The green cloak and hood were finished at length; the servants laid them down before the fire in the great kitchen, and watched at a prudent distance. At midnight the "cau’d lad" glided in, surveyed the garments, put them on, frisked about, and when the cock crew disappeared, saying--
"Here’s a cloak and there’s a hood: The Cau’d Lad of Hilton will do no more good."
And so disappeared for ever.
The appearance of this brownie seems to have been confused with another ghost.
The apparition of a boy who was killed by one of the Barons often used to be seen--sometimes, it is said, with his head under his arm.
A Baron of Hilton, many years ago, ordered his horse to be got ready. He was a passionate man, and a fearsome one to cross. The stable-boy foolishly fell asleep.
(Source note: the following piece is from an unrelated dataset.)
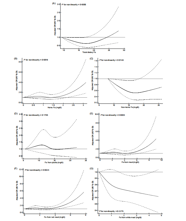△膳食摄入的总铁(A)、不同形式的铁(B和C)和不同来源的铁(D、G),多变量调整的OR(黑色实线)和95%CI(虚线)来判断乳腺癌风险。最低摄入量设置为参考(灰色实线)(OR = 1.00)

For awhile the lord waited for his horse, and then, in a lively temper, went off to the stable and found the sleeping boy. He struck the boy with a hay-fork and killed him there and then. Horrified at what he had done, he covered the body with straw till night, and then threw it into a pond at the south side of the park, where, many years afterwards, the skeleton of a boy was discovered. So runs the legend.
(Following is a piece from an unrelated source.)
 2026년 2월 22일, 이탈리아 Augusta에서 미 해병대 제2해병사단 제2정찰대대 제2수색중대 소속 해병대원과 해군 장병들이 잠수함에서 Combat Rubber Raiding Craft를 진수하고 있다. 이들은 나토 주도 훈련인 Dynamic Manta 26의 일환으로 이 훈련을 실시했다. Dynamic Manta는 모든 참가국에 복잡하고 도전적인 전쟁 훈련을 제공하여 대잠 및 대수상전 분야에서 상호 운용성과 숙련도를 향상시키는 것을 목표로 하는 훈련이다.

It is interesting to note that a boy named Roger Skelton was killed by Robert Hilton, a brother of the then Baron, in July, 1609.[7]
There was a haunted room in the castle called the "cau’d lad’s room," which was never used. Here, it is said, the spirit of the murdered boy made its residence. For many years there has been no appearance of the ghost, though there are persons who affirm that, if they have not actually seen it, they have heard it about the castle.
_The Lambton Worm._
In Plantagenet days the Lord of Lambton had a godless son, who desecrated the Sabbath by fishing in the Wear, and while so doing he hooked a strange worm with nine breathing-holes on either side of its throat. This queer find he threw into a well near by, since known as "the Worm Well," and here the worm grew until it was too large for the well. It then emerged, and betook itself by day to the river, where it lay coiled round a rock in the middle of the stream, and by night to a neighbouring hill, round whose base it would twine itself. Meanwhile it continued to grow so fast that it soon could encircle the hill three times. This hill, which is on the north side of the Wear, and about a mile and a half from old Lambton Hall, is oval in shape and still called the Worm Hill. In the meantime the heir of Lambton had turned over a new leaf, and departed as a Crusader to the Holy Land. The worm still grew, and came daily ravaging for food. The milk of nine cows hardly sufficed it for a meal, and if this were not forthcoming it slayed both man and beast. Many knights tried their prowess against the worm, but with no avail, for no sooner was the worm cut in two than the pieces grew together again. The poor Lord of Lambton was in sore trouble when, after seven long years, the heir of Lambton returned home, a much sadder and wiser man. Seeing the result of his former evil practices, he determined to kill the enormous beast. Several attempts he made without success, because the parts would come together whenever he cut it in two. At last he consulted a witch of the neighbourhood, and she told him if he came to the fight clothed in armour studded with razors, and stood in the swift stream, he would conquer; but that he, like Jephthah, must kill the first living creature that met him after the victory. So to meet this latter difficulty he told his old father to listen, and when he gained the victory he would blow three notes upon his bugle, then his father was to loosen his favourite greyhound, which would come to the bugle’s call.